Within the material below, locate the line with "Seismic fragility curves" and the line with "Homemade burger with", then return those two lines and all lines between them, exactly as written.

--------------------------------

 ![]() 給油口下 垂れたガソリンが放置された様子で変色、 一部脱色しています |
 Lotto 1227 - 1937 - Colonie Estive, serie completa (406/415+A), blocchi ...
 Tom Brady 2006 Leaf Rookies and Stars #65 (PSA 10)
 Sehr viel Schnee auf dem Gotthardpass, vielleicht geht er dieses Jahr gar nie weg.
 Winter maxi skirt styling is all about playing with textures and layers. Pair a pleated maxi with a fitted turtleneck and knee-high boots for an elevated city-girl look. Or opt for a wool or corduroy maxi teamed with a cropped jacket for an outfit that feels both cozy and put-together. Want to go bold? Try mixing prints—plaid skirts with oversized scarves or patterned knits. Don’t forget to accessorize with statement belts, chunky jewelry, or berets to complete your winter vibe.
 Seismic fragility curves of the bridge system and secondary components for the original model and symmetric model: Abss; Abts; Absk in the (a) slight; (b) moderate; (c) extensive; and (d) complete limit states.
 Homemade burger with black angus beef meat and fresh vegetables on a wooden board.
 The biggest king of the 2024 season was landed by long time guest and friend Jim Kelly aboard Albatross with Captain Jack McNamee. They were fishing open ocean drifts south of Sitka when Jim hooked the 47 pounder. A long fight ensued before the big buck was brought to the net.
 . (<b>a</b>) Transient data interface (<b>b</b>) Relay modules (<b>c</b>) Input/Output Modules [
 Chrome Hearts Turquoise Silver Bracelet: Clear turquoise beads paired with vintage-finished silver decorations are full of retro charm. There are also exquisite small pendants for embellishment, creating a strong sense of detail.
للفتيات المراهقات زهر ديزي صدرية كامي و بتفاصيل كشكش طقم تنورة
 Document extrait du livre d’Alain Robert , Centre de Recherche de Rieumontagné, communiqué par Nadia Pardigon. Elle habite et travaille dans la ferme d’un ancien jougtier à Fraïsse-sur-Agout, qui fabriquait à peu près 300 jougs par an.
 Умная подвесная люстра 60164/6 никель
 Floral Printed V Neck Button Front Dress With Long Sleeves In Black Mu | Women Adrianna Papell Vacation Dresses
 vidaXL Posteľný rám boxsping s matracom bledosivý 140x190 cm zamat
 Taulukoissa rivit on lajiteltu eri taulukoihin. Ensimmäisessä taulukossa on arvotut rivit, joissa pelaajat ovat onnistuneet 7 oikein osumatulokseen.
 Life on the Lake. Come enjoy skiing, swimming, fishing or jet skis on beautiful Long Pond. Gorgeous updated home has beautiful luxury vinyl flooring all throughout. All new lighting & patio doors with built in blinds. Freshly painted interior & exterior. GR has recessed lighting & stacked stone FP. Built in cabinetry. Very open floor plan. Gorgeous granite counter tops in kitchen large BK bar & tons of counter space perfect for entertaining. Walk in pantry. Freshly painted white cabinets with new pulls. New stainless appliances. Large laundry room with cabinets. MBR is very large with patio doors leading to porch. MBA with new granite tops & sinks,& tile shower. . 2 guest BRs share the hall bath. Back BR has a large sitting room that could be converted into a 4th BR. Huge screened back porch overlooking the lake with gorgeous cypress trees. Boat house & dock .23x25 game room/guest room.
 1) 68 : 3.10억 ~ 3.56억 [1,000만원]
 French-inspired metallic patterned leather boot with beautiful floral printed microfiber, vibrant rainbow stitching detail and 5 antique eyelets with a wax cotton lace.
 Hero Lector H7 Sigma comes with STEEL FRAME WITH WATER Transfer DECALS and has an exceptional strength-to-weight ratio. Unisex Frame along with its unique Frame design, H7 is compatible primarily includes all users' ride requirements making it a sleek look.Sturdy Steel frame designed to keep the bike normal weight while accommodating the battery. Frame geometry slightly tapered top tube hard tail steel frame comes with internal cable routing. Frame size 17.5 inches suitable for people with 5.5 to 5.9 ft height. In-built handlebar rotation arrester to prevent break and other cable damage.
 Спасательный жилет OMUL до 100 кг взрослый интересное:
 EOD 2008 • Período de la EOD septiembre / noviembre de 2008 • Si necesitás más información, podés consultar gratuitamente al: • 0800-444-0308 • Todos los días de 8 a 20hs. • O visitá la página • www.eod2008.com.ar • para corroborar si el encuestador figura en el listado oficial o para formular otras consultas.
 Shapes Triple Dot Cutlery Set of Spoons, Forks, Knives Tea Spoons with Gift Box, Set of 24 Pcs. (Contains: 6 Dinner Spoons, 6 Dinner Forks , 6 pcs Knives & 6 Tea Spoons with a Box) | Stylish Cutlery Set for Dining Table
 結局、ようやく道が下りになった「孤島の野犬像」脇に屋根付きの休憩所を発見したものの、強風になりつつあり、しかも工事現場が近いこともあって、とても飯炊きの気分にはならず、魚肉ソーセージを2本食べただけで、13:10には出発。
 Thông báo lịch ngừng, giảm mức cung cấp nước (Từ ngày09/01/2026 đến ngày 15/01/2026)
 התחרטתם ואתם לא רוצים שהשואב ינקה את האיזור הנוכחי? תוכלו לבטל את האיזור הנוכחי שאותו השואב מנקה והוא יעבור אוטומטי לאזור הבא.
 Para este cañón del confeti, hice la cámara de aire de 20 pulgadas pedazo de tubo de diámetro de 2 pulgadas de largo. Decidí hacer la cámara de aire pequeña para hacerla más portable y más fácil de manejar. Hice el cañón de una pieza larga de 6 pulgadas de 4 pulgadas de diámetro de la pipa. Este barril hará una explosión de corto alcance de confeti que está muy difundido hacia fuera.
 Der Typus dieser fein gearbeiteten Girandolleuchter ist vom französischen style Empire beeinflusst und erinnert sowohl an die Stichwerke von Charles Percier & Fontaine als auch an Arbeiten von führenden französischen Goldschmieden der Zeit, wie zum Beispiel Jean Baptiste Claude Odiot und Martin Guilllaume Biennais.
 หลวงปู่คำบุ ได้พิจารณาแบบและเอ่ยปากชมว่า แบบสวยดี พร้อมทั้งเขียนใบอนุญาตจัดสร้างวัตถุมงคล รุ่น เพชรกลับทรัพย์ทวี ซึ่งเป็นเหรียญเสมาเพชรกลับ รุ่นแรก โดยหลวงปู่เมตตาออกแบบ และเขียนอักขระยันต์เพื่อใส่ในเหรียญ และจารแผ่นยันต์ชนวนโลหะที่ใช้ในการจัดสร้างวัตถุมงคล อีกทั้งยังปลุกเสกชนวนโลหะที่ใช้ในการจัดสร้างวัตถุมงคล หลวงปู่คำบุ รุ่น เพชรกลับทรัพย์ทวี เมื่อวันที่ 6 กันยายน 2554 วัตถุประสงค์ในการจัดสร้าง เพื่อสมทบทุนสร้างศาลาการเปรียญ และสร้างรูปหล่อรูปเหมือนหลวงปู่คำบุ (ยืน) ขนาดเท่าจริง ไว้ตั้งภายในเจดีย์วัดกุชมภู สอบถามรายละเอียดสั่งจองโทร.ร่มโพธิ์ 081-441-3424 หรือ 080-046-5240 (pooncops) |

--------------------------------

§ EXERCISE RESPONSE
 Seismic fragility curves of the bridge system and secondary components for the original model and symmetric model: Abss; Abts; Absk in the (a) slight; (b) moderate; (c) extensive; and (d) complete limit states.
 Homemade burger with black angus beef meat and fresh vegetables on a wooden board.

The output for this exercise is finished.